Dziewczyny chciały już zrobić kolejny postój, gdy nagle zderzyły się z jakąś niewidzialną barierą.
-Co to jest? - spytała zszokowana Japonka, masując czoło.
-Nie mam pojęcia… - to mówiąc, Hopperówna zaczęła dotykać tej przeźroczystej ściany. Zaraz dołączyła do niej także Yumi. Wojowniczki chodziły wzdłuż tej dziwnej przeszkody, zastanawiając się, czy ma ona jakiekolwiek granice.

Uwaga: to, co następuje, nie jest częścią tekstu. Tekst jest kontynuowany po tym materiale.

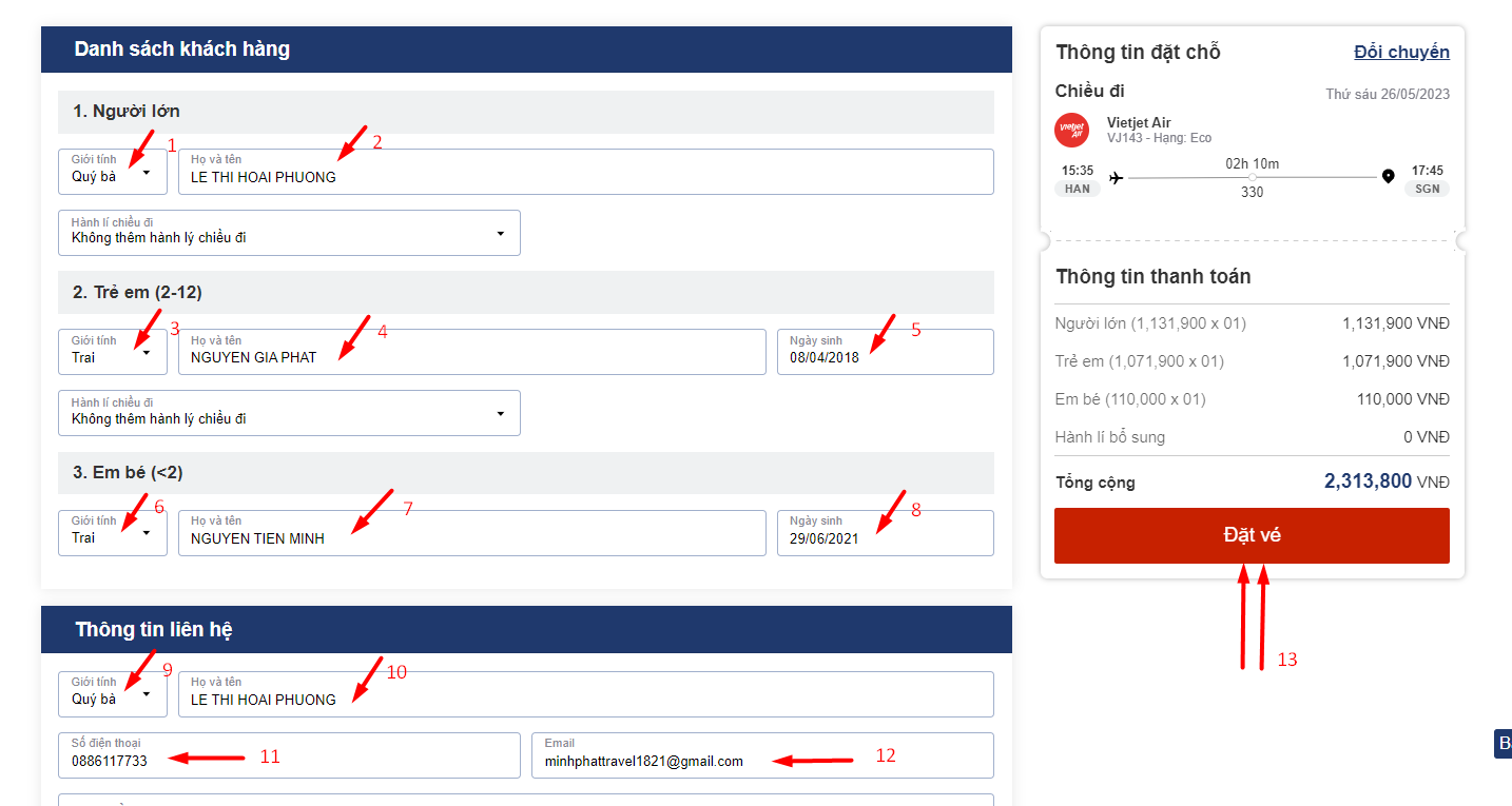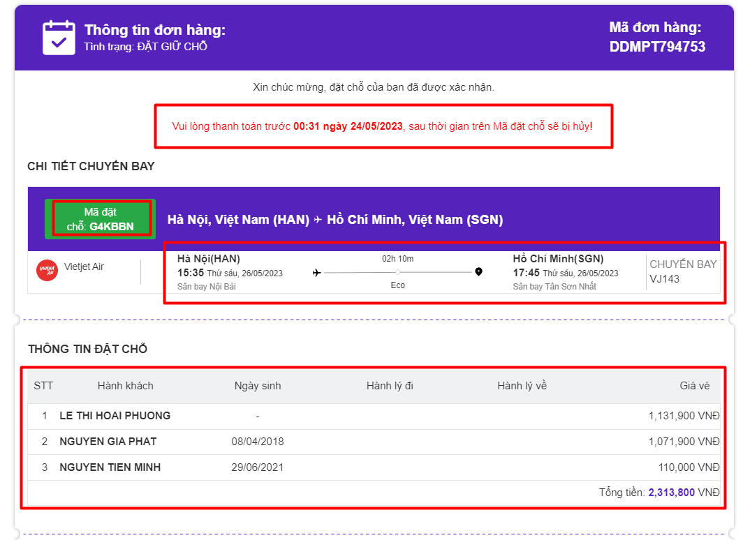 Bước 3: Bạn gửi đơn hàng cho khách kiếm tra lại thông tin và chốt vé.

-Słuchaj, może byś użyła telekinezy i podniosła mnie w górę? Może coś jest powyżej? - zasugerowała Aelita.
-Możemy spróbować – stwierdziła gejsza i powoli skupiała się na postaci swojej przyjaciółki. Elfka pomału unosiła się ku górze, cały czas dotykając tej przeźroczystej powierzchni przed nimi. Niestety, im dłużej Ishiyama używała swojej mocy, tym bardziej była wykończona.
-Yumi! Tu coś jest! - wykrzyknęła nagle różowowłosa.
-Już nie daję rady… - sapnęła Japonka.
-Wytrzymaj chwilkę! Podsuń mnie do przodu, spróbuję na to wejść!
-Postaram się… 
-Już prawie – mruknęła elfka, po czym nagle pisnęła. Zawisła, trzymając się krawędzi ściany. - Yumi pomóż! Podsadź mnie jeszcze!
-Nie mam siły… 
-Spróbuj!
-Słabo mi – bąknęła dziewczyna, ale mimo to wytężyła ponownie umysł. Udało jej się podnieść Aelitę na tyle, by wskoczyła na płaszczyznę powyżej.
-Dzięki – Francuzka odetchnęła z ulgą. Rozejrzała się dookoła. Ku jej zdziwieniu znajdowała się w miejscu przypominającym Kartaginę. - Yumi, nie uwierzysz! Jesteśmy w Lyoko! Tu na górze jest Lyoko! Wyjdziemy z tego!
-Wspaniale – szepnęła gejsza, przewracając się na plecy.
-Wszystko dobrze? - elfka wychyliła się i spojrzała w dół, gdzie była jej znajoma.
-Aelita, sprowadź pomoc, ja już nie dam rady…
-Dasz radę!
-Aelita, ja nie mam siły, nie mogę się podnieść. Proszę sprowadź pomoc… Tylko uważaj na siebie…
-Dobrze, już lecę. Trzymaj się jakoś! Wrócę jak najszybciej! - Hopperówna podniosła się na równe nogi i żwawo pobiegła przed siebie, w stronę niebieskich ścian sektora piątego.